When people start an exercise program, some lose a lot of weight, while others lose nothing. An effective exercise program for weight loss should be 1) continuous, 2) use all of your major muscle groups, 3) include one intense workout a week for each muscle group, and 4) be done on land, rather than in the water. Stop-and-start exercises, such as lifting weights, do not require that you use your muscles continuously enough to burn a lot of calories. Those that use just one muscle group, such as doing situps or pushups, won't help you to lose a lot of weight because the stressed muscle groups tire quickly so you can't exercise very long.

Exercising at a leisurely pace won't help you lose a lot of weight either. You burn calories while you exercise and after you finish exercising.
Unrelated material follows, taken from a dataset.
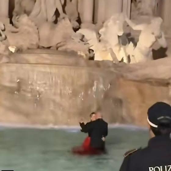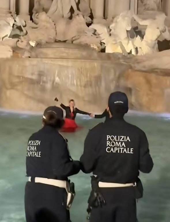 Según testigos, la pareja cruzó el borde de la icónica fuente y entró directamente al agua con el objetivo de capturar una fotografía “especial” de su viaje. Aunque muchos lo interpretaron como un gesto romántico, la acción violaba de manera clara las normas de protección del monumento histórico.
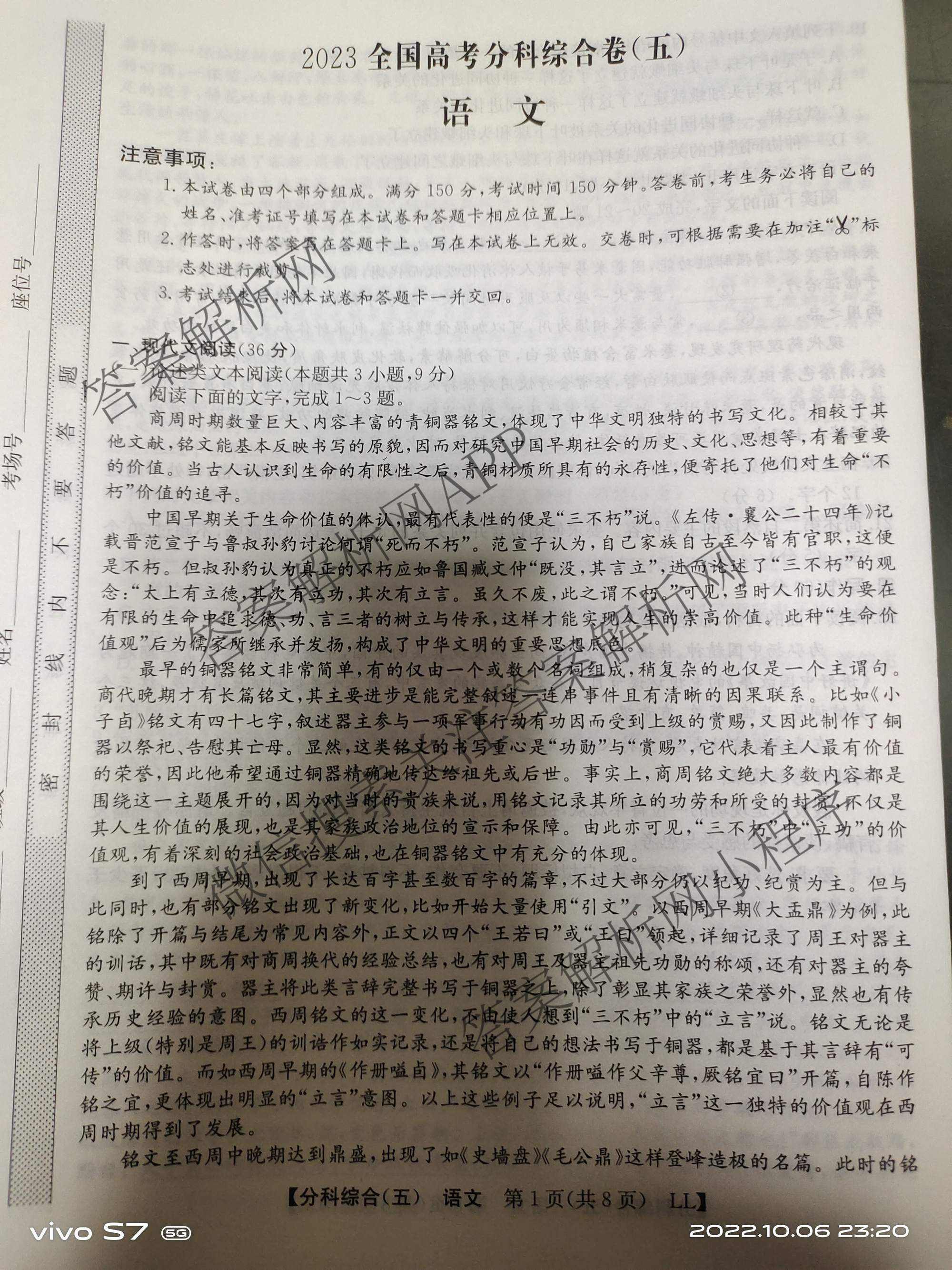 - [高三]2023[全国高考分科综合卷] 语文 LL (五)5试题

Intense exercise raises body temperature which continues to be elevated and burn more calories for several hours after you finish exercising. This also explains why swimming is not the best exercise for weight loss, because water conducts heat away from your body so fast that your temperature does not rise. When you exercise on land, air insulates your body so your temperature rises.

Pick sports in which you can exercise intensely, but don't exercise very hard in one sport more often than once a week. Every time that you exercise, your muscle fibers are torn slightly. You can tell this has happened to you when you muscles feel sore on the day after you have exercised. If you exercise intensely on days when your muscles feel sore, you are at increased risk for injuring them. Instead, alternate two sports, one that stresses your upper body and one that stresses your lower body. And (of course) don't forget healthful eating habits.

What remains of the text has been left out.